Basic Usage
This guide covers the basic usage patterns for integrating AI capabilities into your Nuxt application using the Nuxt AI module.
First decide when model you want to use
The module supports multiple AI providers through the Vercel AI SDK. You can choose the provider you want to use by setting the client
option in the configuration.
You can see which providers are supported by the module here.

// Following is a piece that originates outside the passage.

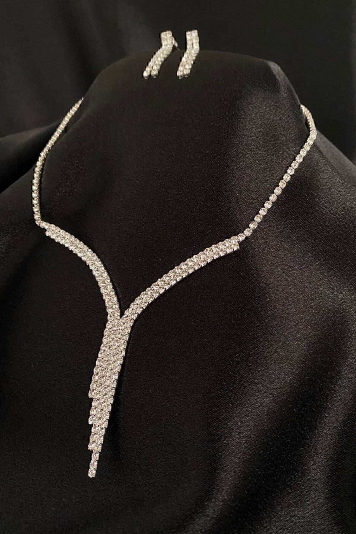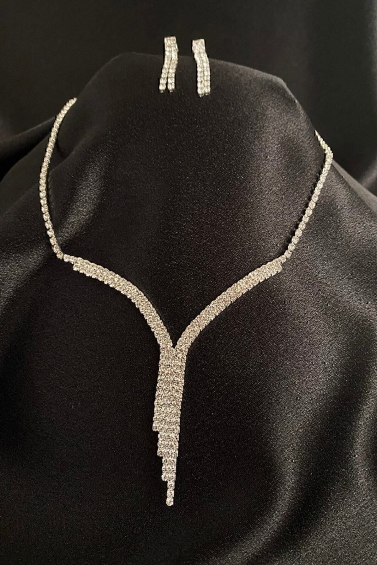 Toptan Gümüş Renk Düğün Nişan Kına Su Yolu Iki Sıra Zirkon Taşlı Bayan Abiye Küpe Kolye Set Takım – 3200

We'll use OpenAI in this guide, so we'll install the OpenAI provider:
pnpm add -D @ai-sdk/openai
yarn add --dev @ai-sdk/openai
npm install --save-dev @ai-sdk/openai
bun add -D @ai-sdk/openai
Using the Chat Interface
The most common use case is implementing a chat interface using the Vercel AI SDK. With Nuxt AI, the SDK's composables are auto-imported.
Creating a Chat Component
<script setup lang="ts">
const { messages, input, handleSubmit } = useChat({
api: '/api/chat',
});
</script>
Creating an API Route Handler
Set up an API route to handle the chat requests:
useRuntimeConfig
object to access your API keys. Learn more about runtime config environment variables.import { createOpenAI } from '@ai-sdk/openai'
export default defineLazyEventHandler(async () => {
const apiKey = useRuntimeConfig().openaiApiKey
if (!apiKey) {
throw new Error('Missing OpenAI API key')
}
const openai = createOpenAI({
apiKey,
})
return defineEventHandler(async (event: any) => {
const { messages } = await readBody(event)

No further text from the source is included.